▶ [AVAILABLE DATA]
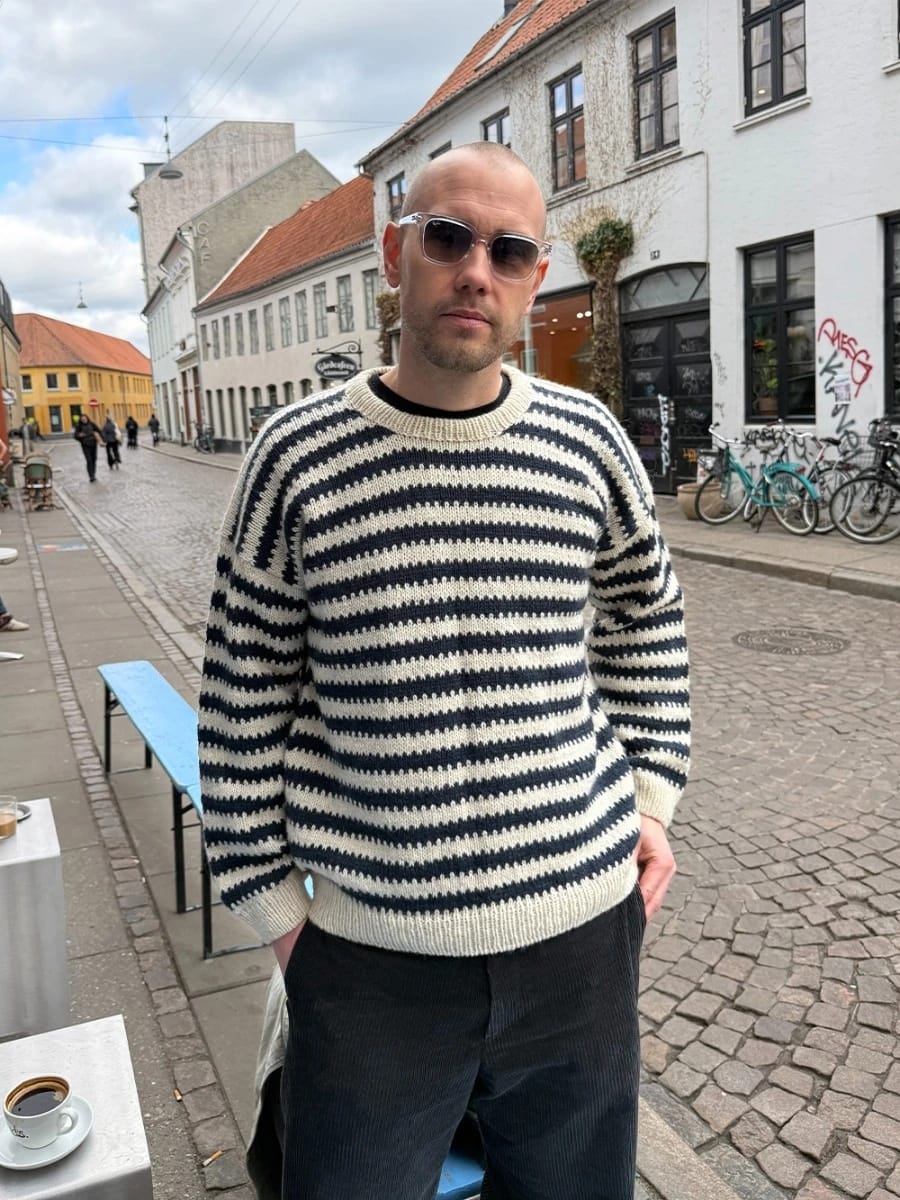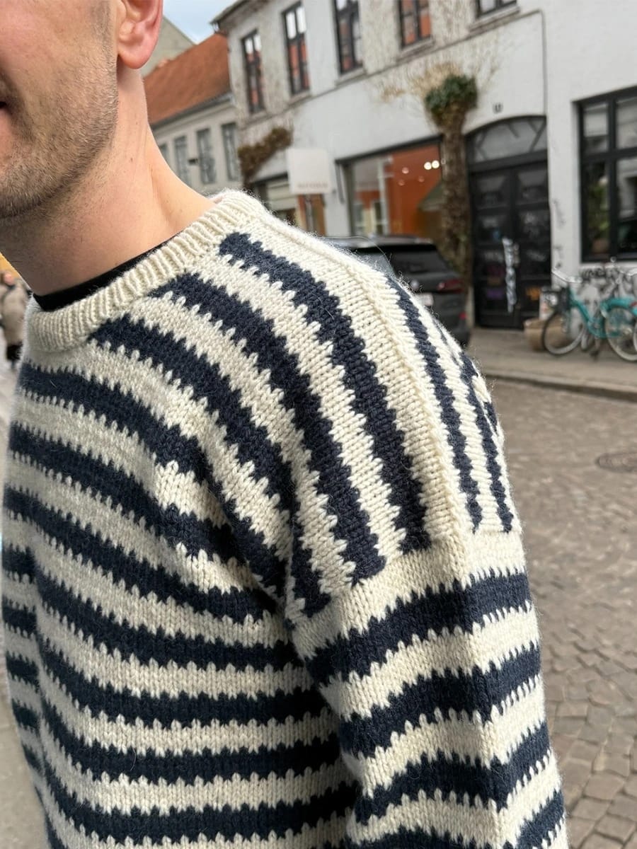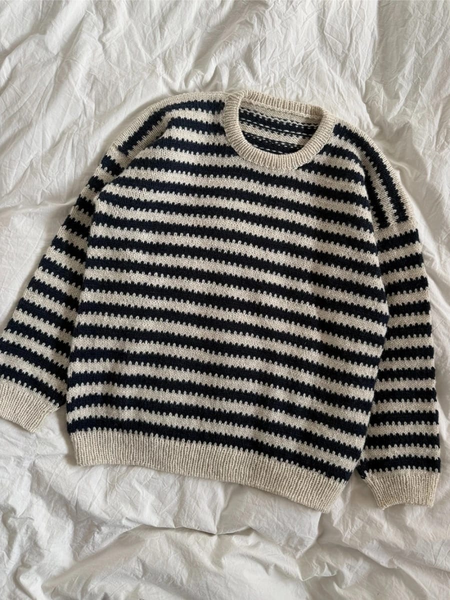 Otto Sweater Man strikkes ovenfra og ned i et stripemønster. Først strikkes bakstykket. deretter strikkes skuldrene hver for seg frem og tilbake på rundpinne. Disse samles foran for å danne forstykke. Videre samles forstykke og bakstykke for å danne bolen som strikkes rundt på rundpinne. Ermene strikkes ut fra opplukkede masker langs ermeåpningen. Halsens brettede halskant strikkes til slutt ut fra opplukkede masker. Strikket i Atlas.
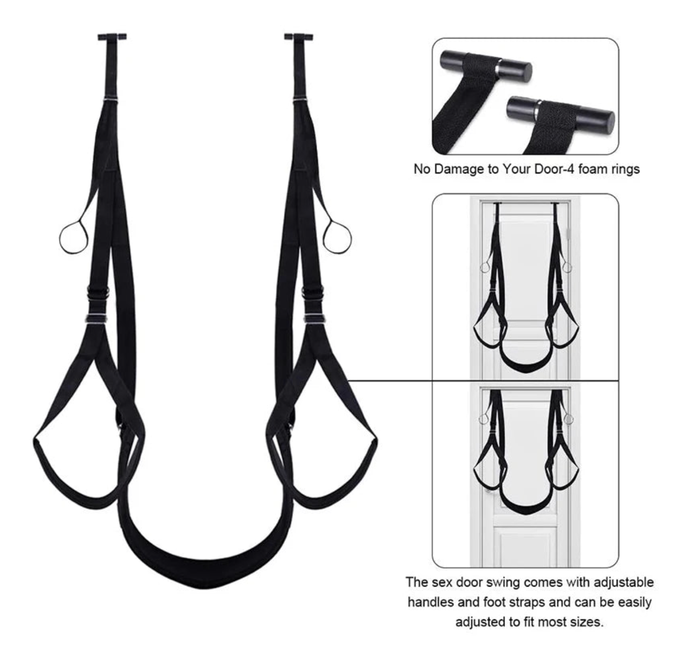 Turn any sturdy door into your private playground with this Over-the-Door Sex Swing. This easy-to-install sex sling attaches securely over the top of a closed door — no drilling, no permanent hardware, and no damage to your door thanks to the protective foam padding on the top bars.
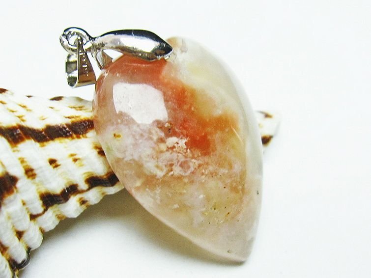 | ■商品名: 桜メノウ チェリーブロッサムアゲート ハート ペンダント ■商品ID: T335-2656 ■商品重量:約 7.7g ■商品サイズ: 高約:29mm 横約:22mm 厚約:8mm 【アゲート(瑪瑙)】 和名では瑪瑙(めのう)といい、アゲートの模様が馬の脳のように見える事からこのような名前が付けられました。 アゲートは赤、緑、青、黄、黒など、様々な色に着色されることで石本来のパワーがさらにアップするといわれており、着色により魅力を増す天然石はアゲートだけとも言えます。 さらにはアゲートを組み合わせるとペアになっているペアアゲート(トレジャーメノウ)は龍穴を生み出すとされ、風水的にも良いといわれています。 アゲートは古来より日本やインドやチベットなどで魔よけやお守りとされてきました。 失敗や不幸を遠ざけ金運や仕事運、成功運とも結び付けてくれる効果のほか、安産のお守りにも良いとされています。 さらに家庭円満や対人関係をスムーズにするなど、オールマイティな効果を持った石です。 ⇒ アゲートをもっと詳しく ◆ワンポイント情報 アゲートはカルセドニーの変種で、染色がされていなくともそれぞれの種類に多様な色があります。 ざっと仲間を挙げてみてもオニキス(黒)、サードニクス(橙色)、ブルーアゲート(青)、グリーンアゲート(緑)、イエローアゲート(黄)、ブルーレースアゲート(縞青)、モスアゲート(縞緑)、天眼石(縞黒)、カーネリアン(橙色)、ジャスパー(多様な縞)などとても多くの特徴と色合いを持っています。 |
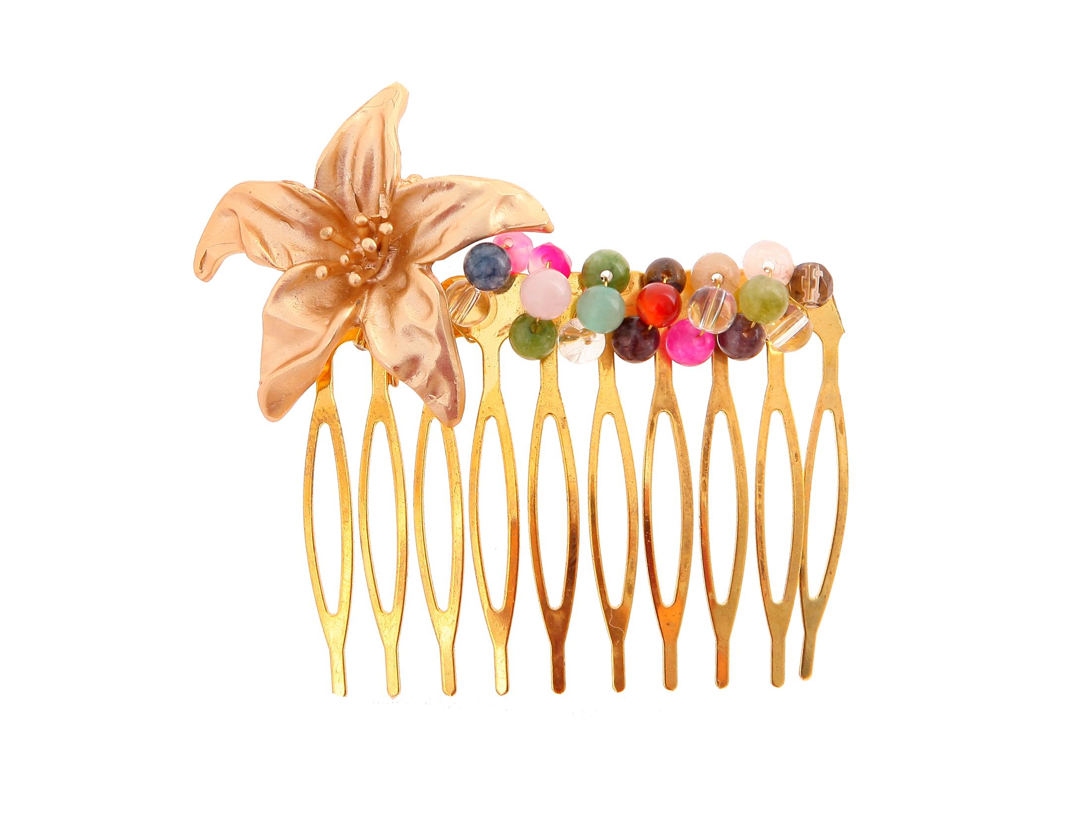 Peinecillo dorado de flor con piedra Ágata en multipastel

▶ [EXERCISE DESCRIPTION] Without including any picture, output all the material exactly as it appears.

▶ [TASK SOLUTION]
 Otto Sweater Man strikkes ovenfra og ned i et stripemønster. Først strikkes bakstykket. deretter strikkes skuldrene hver for seg frem og tilbake på rundpinne. Disse samles foran for å danne forstykke. Videre samles forstykke og bakstykke for å danne bolen som strikkes rundt på rundpinne. Ermene strikkes ut fra opplukkede masker langs ermeåpningen. Halsens brettede halskant strikkes til slutt ut fra opplukkede masker. Strikket i Atlas.
 Turn any sturdy door into your private playground with this Over-the-Door Sex Swing. This easy-to-install sex sling attaches securely over the top of a closed door — no drilling, no permanent hardware, and no damage to your door thanks to the protective foam padding on the top bars.
 | ■商品名: 桜メノウ チェリーブロッサムアゲート ハート ペンダント ■商品ID: T335-2656 ■商品重量:約 7.7g ■商品サイズ: 高約:29mm 横約:22mm 厚約:8mm 【アゲート(瑪瑙)】 和名では瑪瑙(めのう)といい、アゲートの模様が馬の脳のように見える事からこのような名前が付けられました。 アゲートは赤、緑、青、黄、黒など、様々な色に着色されることで石本来のパワーがさらにアップするといわれており、着色により魅力を増す天然石はアゲートだけとも言えます。 さらにはアゲートを組み合わせるとペアになっているペアアゲート(トレジャーメノウ)は龍穴を生み出すとされ、風水的にも良いといわれています。 アゲートは古来より日本やインドやチベットなどで魔よけやお守りとされてきました。 失敗や不幸を遠ざけ金運や仕事運、成功運とも結び付けてくれる効果のほか、安産のお守りにも良いとされています。 さらに家庭円満や対人関係をスムーズにするなど、オールマイティな効果を持った石です。 ⇒ アゲートをもっと詳しく ◆ワンポイント情報 アゲートはカルセドニーの変種で、染色がされていなくともそれぞれの種類に多様な色があります。 ざっと仲間を挙げてみてもオニキス(黒)、サードニクス(橙色)、ブルーアゲート(青)、グリーンアゲート(緑)、イエローアゲート(黄)、ブルーレースアゲート(縞青)、モスアゲート(縞緑)、天眼石(縞黒)、カーネリアン(橙色)、ジャスパー(多様な縞)などとても多くの特徴と色合いを持っています。 |
 Peinecillo dorado de flor con piedra Ágata en multipastel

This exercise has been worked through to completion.